COS 3-10 - Quantifying microbial and plant determinants of soil carbon flux responses to various climate changes

Monday, August 12, 2019: 4:40 PM
M112, Kentucky International Convention Center
Qi Qi1,2, Yunfeng Yang1, Jizhong Zhou3 and Linwei Wu4, (1)School of Environment, Tsinghua University, Beijing, China, (2)Plant, Oklahoma University, Norman, OK, (3)Institute for Environmental Genomics, Consolidated Core Laboratory, Department of Microbiology and Plant Biology, and School of Civil Engineering and Environmental Sciences, University of Oklahoma, Norman, OK, (4)Institute for Environmental Genomics and Department of Microbiology and Plant Biology, University of Oklahoma, Norman, OK
Background/Question/Methods

The Tibetan Plateau is witnessing a warming rate of 0.2 oC per decade, which dwarfing the rate of global warming by a factor of two. Consequently, the precipitation pattern is projected to change in the future. In the past, the effect of warming on plants, animals and soil microbes has been well-documented, but the interactive response of microbial communities to warming and altered precipitation was still obscure in alpine ecosystem, which leads to uncertainty in soil carbon dynamics.
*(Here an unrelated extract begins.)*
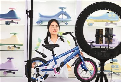 河北省邢臺(tái)市廣宗縣鐵牛自行車(chē)業(yè)有限公司的工作人員日前通過(guò)線上廣交會(huì)直播推介童車(chē)產(chǎn)品。王 壘攝(人民圖片)

To address it, we examine how microbial functional structure, bacterial taxonomic and fungal taxonomic composition, as well as important ecosystem functions, such as soil and ecosystem carbon fluxes, respond to warming (control, +2oC) and precipitation alteration (control, +50%, -50%). Two-way ANOVA based-on mixed-effects models was used to determine the interactive effect of warming and altered precipitation on soil variables, plant variables and microbial communities. In addition, the linkage between microbial communities, plant communities and carbon fluxes were analyzed, using correlation tests. We then tested the relative roles of plant, soil, microbial in controlling soil carbon fluxes by partial Mantel test, linear mixed-effects regression and multiple regressions based on distance matric.

Results/Conclusions

Warming increased gross primary production (GPP) and ecosystem respiration (ER). Combined treatments of warming and drying significantly decreased aboveground net primary production, suggesting that water availability is a limiting factor. Increased precipitation increased net ecosystem exchange and GPP with or without warming, indicating a larger soil carbon sink. There was no interaction of warming of altered precipitation for microbial functional structure and taxonomic composition. Soil CO2 and CH4 fluxes were strongly and significantly (r > 0.70, P < 0.05) correlated with corresponding microbial functional abundances but not overall bacterial or fungal communities, decoupling microbial function from taxonomy. Microbial functional groups associated with carbon cycling and plant communities contributed to soil CO2 flux responses at the comparable levels, while microbial methanogenic and CH4-oxidizing communities were solely responsible for soil CH4 fluxes. As the C balance of cold regions is sensitive to climate changes, quantifying microbial and plant contribution is essential for predicting the direction and strength of future C dynamics. In addition, our results demonstrate that the key level at which to predict soil C fluxes may not be microbial species (by means of rRNA taxonomy), but rather microbial functional communities.